Again, the Chinese Communists, employing small arms, attacked. On 14 November 1945, as MajGen DeWitt Peck, commanding general of Ist Marine Division was inspecting 7th Marines positions along the Peiping-Mukden rail line, Communist troops in a village 6 miles north of Kuyeh (See Figure 1) fired upon his train. After ordering his escort platoon to return fire, MajGen Peck radioed MajGen Rockey to request permission to call in an airstrike on the village if necessary. Corsair pilots of the 1st Marine Aircraft Wing provided support that afternoon. Unable to spot any hostile activity in the village, the Corsair pilots made simulated strafing runs over the village with the intent of sending a message to the Communists without endangering villagers. (See Figure 3).
When MajGen Rockey later indicated to GEN Wedemeyer that he would have authorized a strafing mission if fire continued from the offending village, Wedemeyer replied:
If American lives are endangered by small-arms fire received from village about 600 yards north of Loanshien as indicated in your radio classification 0368, it is desired that you inform the military leader of responsible authority in that village in writing, that fire from that particular village is endangering American lives and that such firing must be stopped. After insuring that your warning to said military leader or responsible authority has been received and understood, should firing that jeopardizes American lives continue, you are authorized to take appropriate action for their protection. Your warning and action should include necessary measures to insure safety of innocent persons.11
These orders could easily prevent Rockey's Marines from providing for their own security. Far from allowing a restrained response, Wedemeyer's orders denied the Marines the ability to apply their skills in close air support. This stripped the Marines of their most powerful supporting arm. It is worthy of note that the Corsair pilots supporting MajGen Peck exercised considerable restraint, not because they were prohibited from doing more, but because they realized it was the most prudent course of action to take under those circumstances.

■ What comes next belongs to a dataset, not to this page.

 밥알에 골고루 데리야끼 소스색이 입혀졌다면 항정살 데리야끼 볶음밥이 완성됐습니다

GEN Wedemeyer was not blind to the potential dilemmas Marines could face while trying to accomplish their missions. On 20 November 1945, he recommended the removal of all U.S. forces in China or the clarification of American policies causing the employment of the Marines in order to allow development of a clear set of rules of engagement (ROE).12
Marine officers agreed wholeheartedly with GEN Wedemeyer's assessment. Feeling that the directives under which they operated were "ill-considered and ambiguous in meaning," the Marines felt that they were being placed in a dilemma by "instructions that at once made them neutral and partisan in China's civil strife."13
The dilemma hit home again when two Marines of the Ist Battalion, 29th Marines were shot by Chinese Communists on 4 December. The battalion executive officer attempted to respond appropriately-he ordered the emplacement of a 60mm mortar within range of the village in which the shooters were hiding and gave the villagers 30 minutes to surrender them. The deadline passed with no results. In response, the mortar's crew fired 24 white phosphorous rounds outside the village walls. When news of the incident reached the United States, the press criticized the Marines for firing into an unarmed village. In the end, the incident cost the Marines one dead, one wounded, and a portion of the legitimacy they enjoyed in the eyes of the American people.

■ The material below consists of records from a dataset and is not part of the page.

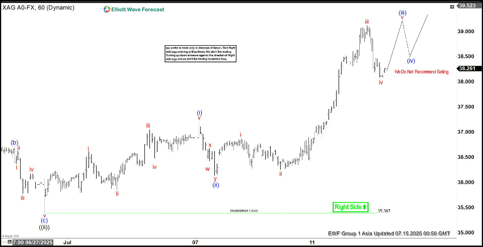 The cycle from the June 24, 2025 low in Silver (XAGUSD) is unfolding as a five-wave rally with an extended nested impulse structure. From the June 24 low, wave ((i)) peaked at $36.83. Wave ((ii)) pullback then followed o $35.39, as shown on the 1-hour chart. The metal then extended higher in wave ((iii)), subdivided as an impulse. From wave ((ii)), wave i ended at $36.61, with a wave ii pullback to $35.86. Wave iii reached $37.07 and wave iv corrected to $36.37. The final wave v concluded at $37.22, completing wave (i) in a higher degree.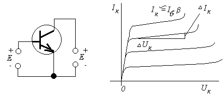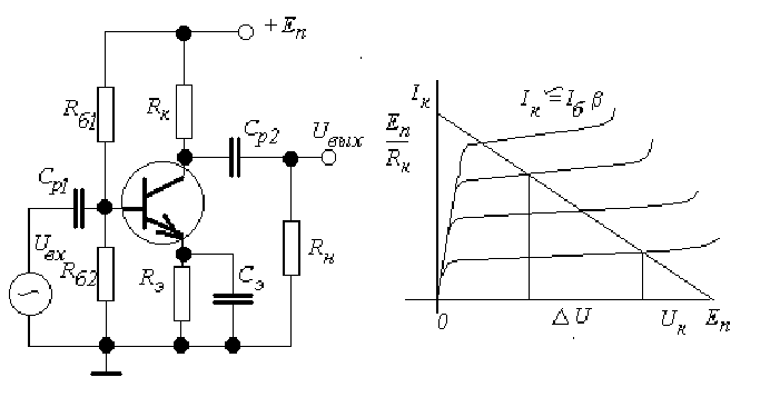 В схеме ОЭ входной сигнал подаётся на базу, а выходной сигнал снимается с коллектора. Схема и выходные характеристики изображены на рис.1Видно, что схема стала очень сложной. Однако главное, что здесь есть – это резистор Rк , который определяет коэффициент усиления по напряжению, и который составляет от единиц кОм до МОм (чем больше этот резистор, тем больше усиление). Все остальные элементы более или менее условны.Прежде всего Rэ необходимо для термостабилизации транзистора. Это осуществляется за счёт обратной связи по постоянному току, которую мы обсудим позже.
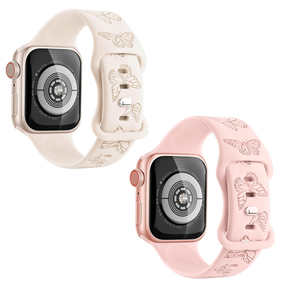 Watch Bands for Apple Watch Women Pink Silicone Strap 41mm 40mm 38mm Butterfly Design Adjustable Metal Clasp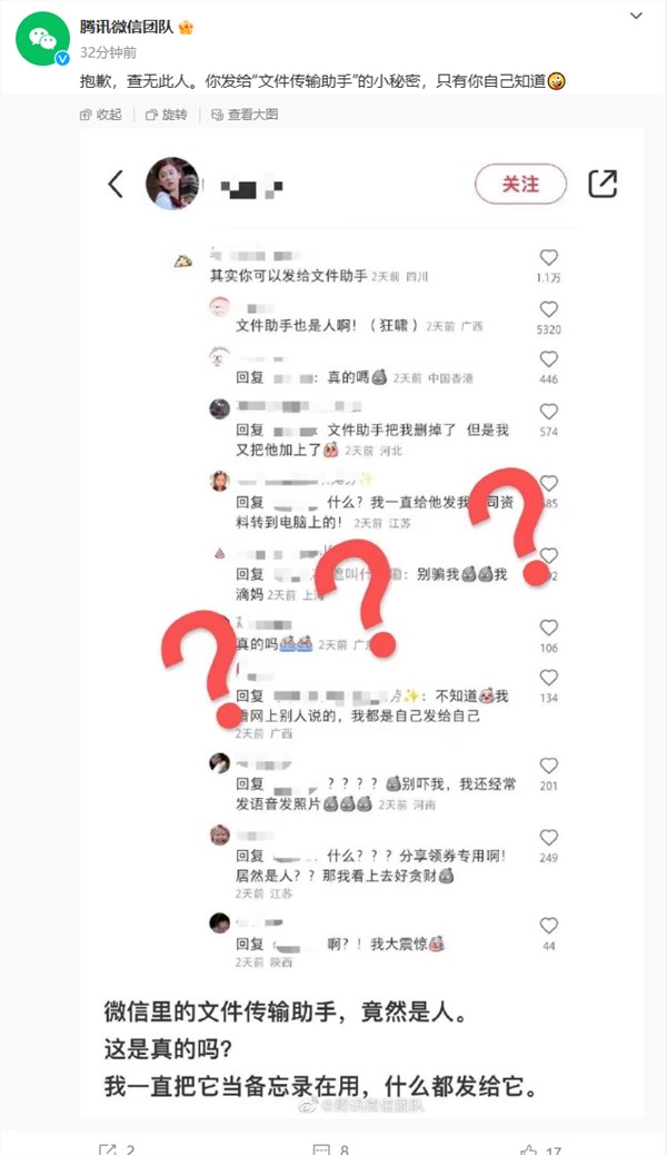 对此,腾讯微信团队官微已经火速回复称:抱歉,查无此人。你发给文件传输助手”的小秘密,只有你自己知道。”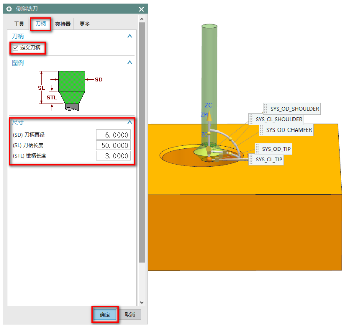 3、刀柄-勾选定义刀柄,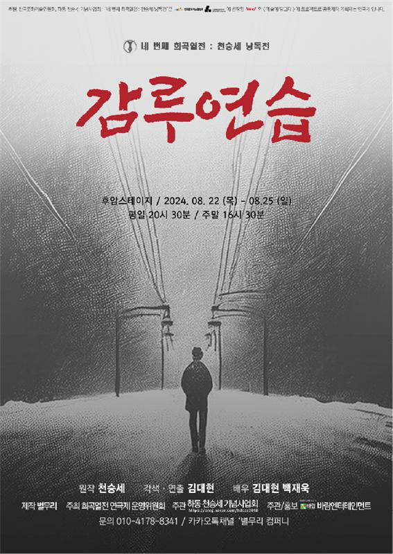 ‘네 번째 희곡열전은 천승세 작가전’ 참가 예술단체 극단 ‘별무리’의 낭독극 ‘감루연습은 8월22일부터 25일까지 이며 목,금 오후8시30분 / 토,일 4시30분 이고 대학로 후암 스테이지에서 공연한다. 예매는 인타파크 티켓에서 가능하다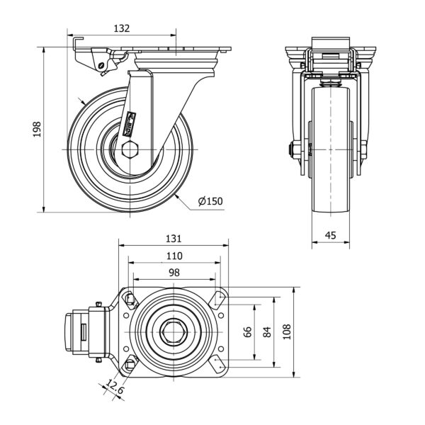 Rueda nylon-poliamida giratoria con bloqueo direccional Alex diametro 150 mm. modelo 2-3884 EAN 8422202238845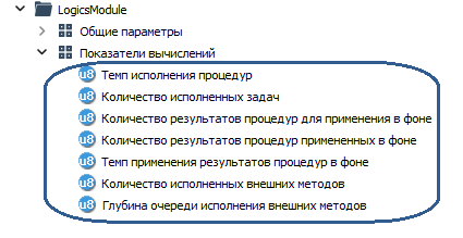 Для просмотра параметров статистики модуля подключитесь к Astra.Server приложением статистики и выберите в дереве модуль LogicsModule.
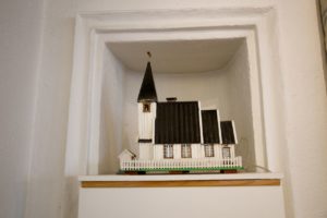 The church is a gift from Denmark after the war, and was the first church rebuilt in Finnmark after the war. The former church in the village was burned during the decay of the county in 1944. The architect Finn Bryn also designed Kautokeino church and Molde cathedral in the same period.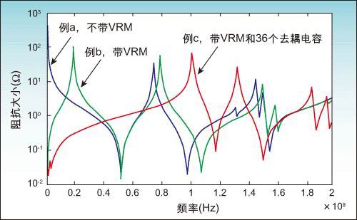 例子c的紅線,在板上放置了一些去耦電容后,那個200MHz的諧振峰被移到了很低的頻率處(<20MHz),并且諧振峰的峰值也降低了很多。第一個較強(qiáng)的諧振峰則出現(xiàn)在大約1GHz處。由此可見,通過在PCB上放置分立的去耦電容,電源供電系統(tǒng)在主要的工作頻率范圍內(nèi)可以實現(xiàn)較低的并且是平滑的交流阻抗響應(yīng)。因此,電源供電系統(tǒng)的噪聲也會很低。

MajGen Rockey attempted to solve the dilemma for the aircrews of the Ist Marine Aircraft Wing by giving them a working ROE to counter the sporadic ground fire they encountered. On 6 December 1945, he issued an order allowing his pilots to return fire when:
- The source was unmistakable.
- The fire from the ground was in some volume.
- The target was in the open and easily defined.

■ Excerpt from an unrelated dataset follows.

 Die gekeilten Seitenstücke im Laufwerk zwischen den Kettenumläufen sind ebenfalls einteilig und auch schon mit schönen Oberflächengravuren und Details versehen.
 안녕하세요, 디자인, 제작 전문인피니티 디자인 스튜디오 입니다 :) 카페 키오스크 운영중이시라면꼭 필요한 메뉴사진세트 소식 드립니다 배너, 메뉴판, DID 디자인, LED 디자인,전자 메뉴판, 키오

- Innocent people were not endangered.
According to Benis Frank and Henry I. Shaw, Jr. in Victory and Occupation: History of U.S. Marine Corps Operations in World War II, Volume V, the restrictive nature of Rockey's orders was an accurate reflection of the directives that reached him from higher headquarters.14
III AC Special Order 226-45, dated 6 December 1945, expanded the Marines' mission. It tasked the Corps with protecting coal laden trains from Communist forces. It stated:
It is desired that you take the necessary action to protect the port of Chinwangtao and the rail line and rail traffic to Chinwangtao to the extent necessary to permit the movement to and outloading from Chinwangtao of at least 100,000 tons of coal per month destined for Shanghai.15
For over 9 months, the Marines would rely on their legitimacy to make up for the poor security conditions brought about by the dispersal of their forces along the rail lines.
The Marines' legitimacy had limits-- during the execution of this mission, Marine bridge guards were attacked on four occasions, and one train was attacked. In a mood that would be felt in future military operations other than war (MOOTW) operations, many Marines became bored with the dull routine and frustrated at their inability to counter the attacks made against them. They wanted to go home, a desire that was conveyed in letters to the States and into the media.
Writing to the Commandant of the Marine Corps, MajGen Rockey conveyed the frustrating nature of the Marines' objectives in China. To Gen Alexander A. Vandegrift, he lamented:
As to instructing the Marines as to `why we are here' . . . I find myself at a loss. I quote from General Geiger's letter: `Instruct your commanders that further reductions depend on the mission of the Marines in the Pacific and the recruiting rate. Both are inter an bles and not susceptible to exact determination by future months.' The underlining is mine. It won't be the first time the Marines have served under an intangible mission, but how to explain an intangible mission?16
The intangible went on. In January 1946, at GEN George C. Marshall's suggestion, the Marines at Tsingtao assisted the United Nations Relief and Rehabilitation Administration (UNRRA) in their efforts to provide humanitarian relief to the Chinese.17 This second expansion in mission came without any formal order. It marked the first postwar Marine participation in humanitarian operations, one which would immediately enhance the Marines' legitimacy in the eyes of the Chinese, though it would later expose them to attacks by Communist forces. As with the rail guard mission, the Marines ensured success of the UNRRA effort, but suffered attacks from Communist forces in the process.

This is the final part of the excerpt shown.